The pertinent issue raised in this case was the sufficiency of evidence on the issue of imminent risk of harm to the respondent. To establish prong three of the definition oflikelihood of serious harm -- that there is a very substantial risk of harm to the respondent herself -- there is a heightened imminence requirement. Id. Additionally, the focus of the evidence must be on the respondent's degree of impaired judgment due to drug abuse; the degree of likelihood that, as a direct consequence, the respondent will sustain injury (for example,by failing to take care of a medical condition that is exacerbated by continued abuse of drugs); and the inability of any other person in the respondent's community to provide protection against such risks. Id. Here, the doctor opined that the respondent was at imminent risk to harm herself based on the two medical conditions that she suffers from and that she failed to keep a medical appointment. There was no evidence presented regarding the relationship between a substance use disorder and the respondent's medical conditions. Indeed, the doctor's opinion appears to be based solely on her belief that the respondent missed a doctor's appointment. First, the petitioner and Matt believed that the respondent missed an appointment. They did not know whether the respondent missed an appointment. Second, there was no evidence that if the respondent did indeed miss a medical appointment, that it was due to substance use.
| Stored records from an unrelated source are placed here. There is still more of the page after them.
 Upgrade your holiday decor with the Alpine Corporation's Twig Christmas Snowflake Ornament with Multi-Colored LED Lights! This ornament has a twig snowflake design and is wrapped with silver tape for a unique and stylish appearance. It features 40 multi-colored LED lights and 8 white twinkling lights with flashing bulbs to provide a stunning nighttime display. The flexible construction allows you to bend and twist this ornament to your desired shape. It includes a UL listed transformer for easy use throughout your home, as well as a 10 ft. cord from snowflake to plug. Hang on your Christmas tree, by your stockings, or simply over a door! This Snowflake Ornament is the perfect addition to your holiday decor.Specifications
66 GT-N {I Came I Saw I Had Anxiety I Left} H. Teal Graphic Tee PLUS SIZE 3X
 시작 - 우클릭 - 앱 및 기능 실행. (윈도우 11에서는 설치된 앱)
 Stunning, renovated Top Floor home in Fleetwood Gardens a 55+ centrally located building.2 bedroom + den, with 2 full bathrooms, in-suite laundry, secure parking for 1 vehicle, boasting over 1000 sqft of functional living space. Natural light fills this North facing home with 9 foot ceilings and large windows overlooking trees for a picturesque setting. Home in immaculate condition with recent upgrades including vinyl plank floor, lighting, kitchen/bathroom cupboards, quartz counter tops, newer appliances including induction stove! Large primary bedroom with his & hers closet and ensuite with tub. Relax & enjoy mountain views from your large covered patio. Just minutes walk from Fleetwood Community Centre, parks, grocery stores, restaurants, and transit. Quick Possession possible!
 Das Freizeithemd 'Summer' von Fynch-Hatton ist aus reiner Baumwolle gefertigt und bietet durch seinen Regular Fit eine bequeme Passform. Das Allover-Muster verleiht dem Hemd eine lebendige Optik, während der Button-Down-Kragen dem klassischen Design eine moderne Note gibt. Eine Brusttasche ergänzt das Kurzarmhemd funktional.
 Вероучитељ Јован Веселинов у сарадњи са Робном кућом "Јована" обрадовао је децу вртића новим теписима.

There was no other evidence to show that the risk of physical harm to the respondent due to her medical conditions was imminent.
For all these reasons, there was insufficient evidence to demonstrate that there was a likelihood of serious harm by clear and convincing evidence. Therefore, the order of commitment is vacated. [Note 1]
FOOTNOTES
[Note 1] Because the commitment order is vacated on the grounds set forth herein, we need not address the other issues raised on appeal.